US Senate confirms Haspel as CIA director despite links to torture programme
The US Senate confirmed Gina Haspel on Thursday to be director of the CIA, ending a bruising confirmation fight centred on her ties to the spy agency's past use of torture.
Haspel, who will be the first woman to lead the CIA, is a 33-year veteran at the agency and currently serving as its acting director. The tally was 54-45 in her favour in the 100-member chamber, where a simple majority was required for confirmation.
Haspel was approved in spite of stiff opposition stemming from her links to the CIA's use of harsh interrogation methods, including waterboarding, a type of simulated drowning widely considered to be torture, in the years after the 9/11 attacks.
An undercover officer for most of her CIA career, Haspel in 2002 served as CIA station chief in Thailand, where the agency conducted interrogations at a secret prison using methods including sleep deprivation, holding suspects in stress positions and confining them to coffin-size boxes.
Three years later, she drafted a cable ordering the destruction of videotapes of those interrogations.
Republican Senator John McCain, who has been away from Washington all year while battling brain cancer, urged the Senate not to vote for Haspel.
Tortured himself while a prisoner of war in Vietnam, McCain said approving Haspel would send the wrong message, and the country should keep itself safe only through methods "as right and just as the values we aspire to live up to and promote in the world".
Haspel, however, had strong support from Republican President Donald Trump's administration, many current and former intelligence officials and a wide range of lawmakers, including some Democrats.

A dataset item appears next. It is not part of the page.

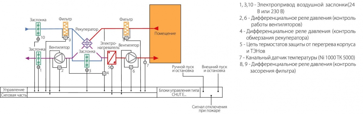 Блок управления CHUT-E22-31 предназначен для управления приточно-вытяжной установкой вентиляции с нагревателем приточного воздуха электрического типа (электрическим воздухонагревателем - калорифером).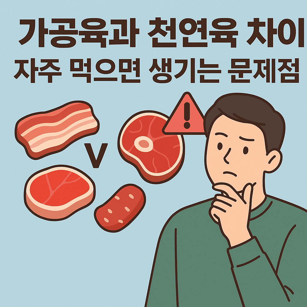 햄, 소시지, 베이컨처럼 가공육은 간편해서 자주 먹게 된다.하지만 천연육과 비교했을 때, 영양 구성과 건강에 미치는 영향은 크게 다르다.장기적으로 보면 가공육 위주의 식습관은염분, 첨가물, 발암물질 노출 위험까지 높아지기 때문에가끔 먹는 수준으로 조절하는 게 좋다.가공육 vs 천연육 차이가공육은 보존성, 맛, 색을 위해 가공 처리된 고기를 말한다.천연육은 별다른 가공 없이 도축 후 손질만 한 상태의 고기다.가공육: 소시지, 햄, 베이컨, 육포, 스팸 등천연육: 생닭, 생돼지고기, 생소고기 등가공육은 일반적으로 염분, 지방, 보존료, 발색제가 추가돼 있다.반면 천연육은 고기 본연의 단백질과 철분이 중심이다.자주 먹으면 생기는 건강 문제가공육을 자주 먹으면 다음과 같은 문제가 발생할 수 있다.나트륨 과다 섭..

Senator Mark Warner, the top Democrat on the Intelligence Committee, which oversaw the nomination, supported Haspel.
"I believe she is someone who can and will stand up to the president, who will speak truth to power if this president orders her to do something illegal or immoral, like a return to torture," he said in a Senate speech before the vote.
Rights groups had urged senators to block Haspel's nomination.

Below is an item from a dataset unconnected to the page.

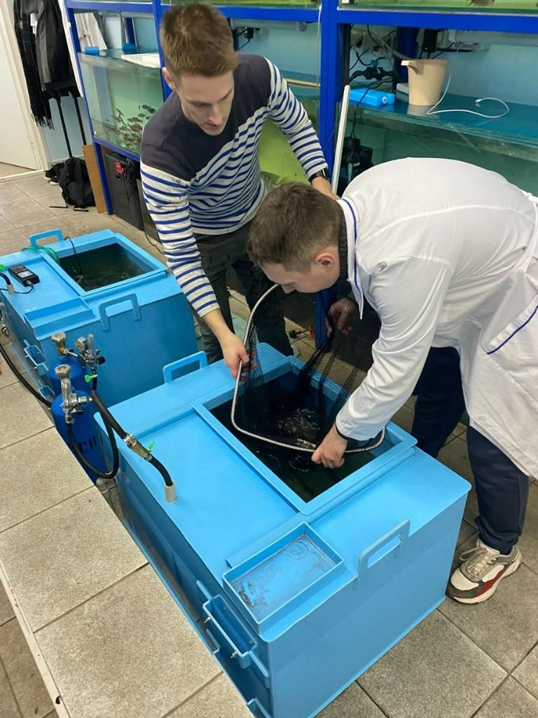 В настоящее время икра инкубируется в условиях аквариальной НИЦ по аквакультуре, а также ведется подготовка к выклеву личинок и их дальнейшему выращиванию.

"Due to the overwhelming public evidence suggesting Haspel’s participation and compliance with crimes including torture, enforced disappearance, and obstruction of justice, Haspel’s nomination is an affront to human rights," Daphne Eviatar of Amnesty International USA said in a statement on Tuesday.
Laura Pitter of Human Rights Watch called Haspel's nomination "the predictable and perverse byproduct of the US failure to grapple with past abuses".
Trump has endorsed brutal interrogation methods, proclaiming during his campaign that "torture works" and that he would approve waterboarding and "much worse" if he was elected.
"Torture is torture. This issue has been settled, and anyone who's been involved should not be in a leadership position or leading anything in this country, especially the CIA," Hassan Jaber, the executive director of ACCESS, a Dearborn-based Arab American organisation, told MEE when Haspel was nominated in March.